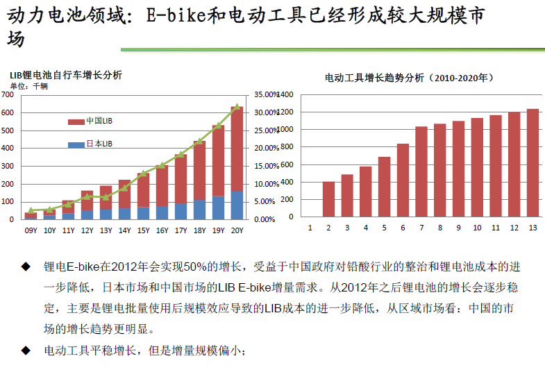 鋰電E-bike在2012年會實現(xiàn)50%的增長,受益于中國政府對鉛酸行業(yè)的整治和鋰電池成本的進一步降低,日本市場和中國市場的LIB E-bike增量需求。從2012年之后鋰電池的增長會逐步穩(wěn)定,主要是鋰電批量使用后規(guī)模效應導致的LIB成本的進一步降低,從區(qū)域市場看:中國的市場的增長趨勢更明顯。 電動工具平穩(wěn)增...
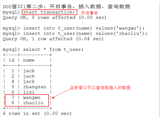 成功用法:start transaction;commit;
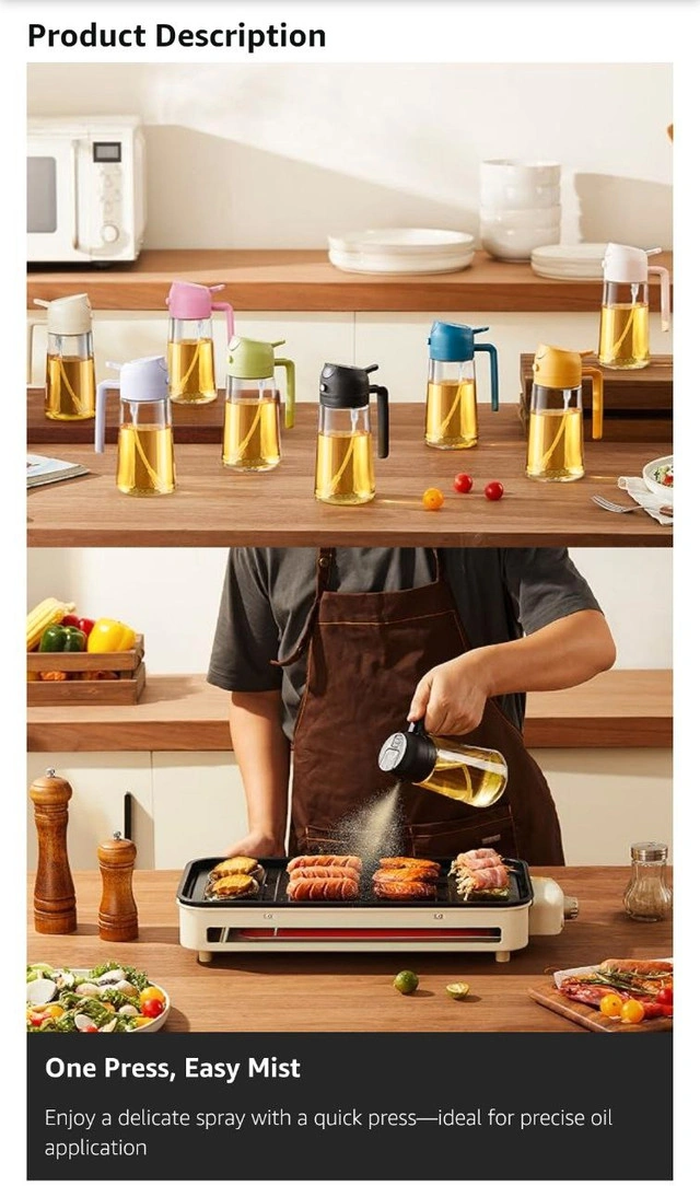 2-in-1 Oil Dispenser & Sprayer – 470ml / 470ml Olive Oil Spray Bottle for Kitchen Gadgets - 2 in 1 Olive Oil Dispenser Bottle ✨Great Sale: Amazon price: $13,99 My price is only $5 Upgrade your kitchen with this multi-purpose 2-in-1 oil dispenser and sprayer – perfect for healthier cooking and easy food preparation! ✨ Features: ✔️ Combines oil dispenser and vinegar sprayer in one ✔️ High-quality, BPA-free thickened glass – safe, odorless, and durable ✔️ Efficient oil control – 0.2 ml spray per press for even coverage and reduced oil use ✔️ Large 470ml capacity – refill less often, wide opening for easy refills without spills ✔️ Multi-purpose – ideal for oil, vinegar, soy sauce, salad prep, grilling, baking, watering plants, and cleaning Condition: Brand New in Box Price: $5 is firmed Pickup: T2W 5C8 Cedarbrae SW Payment: Cash only Message me for photos, details!

####################

_PROBLEM DESCRIPTION_
Copy exactly, and copy nothing else: the lines from the start of the data above through the line that holds "成功用法:start transaction;commit;". The pictures stay out.

_SOLUTION TO THIS EXERCISE_
 鋰電E-bike在2012年會實現(xiàn)50%的增長,受益于中國政府對鉛酸行業(yè)的整治和鋰電池成本的進一步降低,日本市場和中國市場的LIB E-bike增量需求。從2012年之后鋰電池的增長會逐步穩(wěn)定,主要是鋰電批量使用后規(guī)模效應導致的LIB成本的進一步降低,從區(qū)域市場看:中國的市場的增長趨勢更明顯。 電動工具平穩(wěn)增...
 成功用法:start transaction;commit;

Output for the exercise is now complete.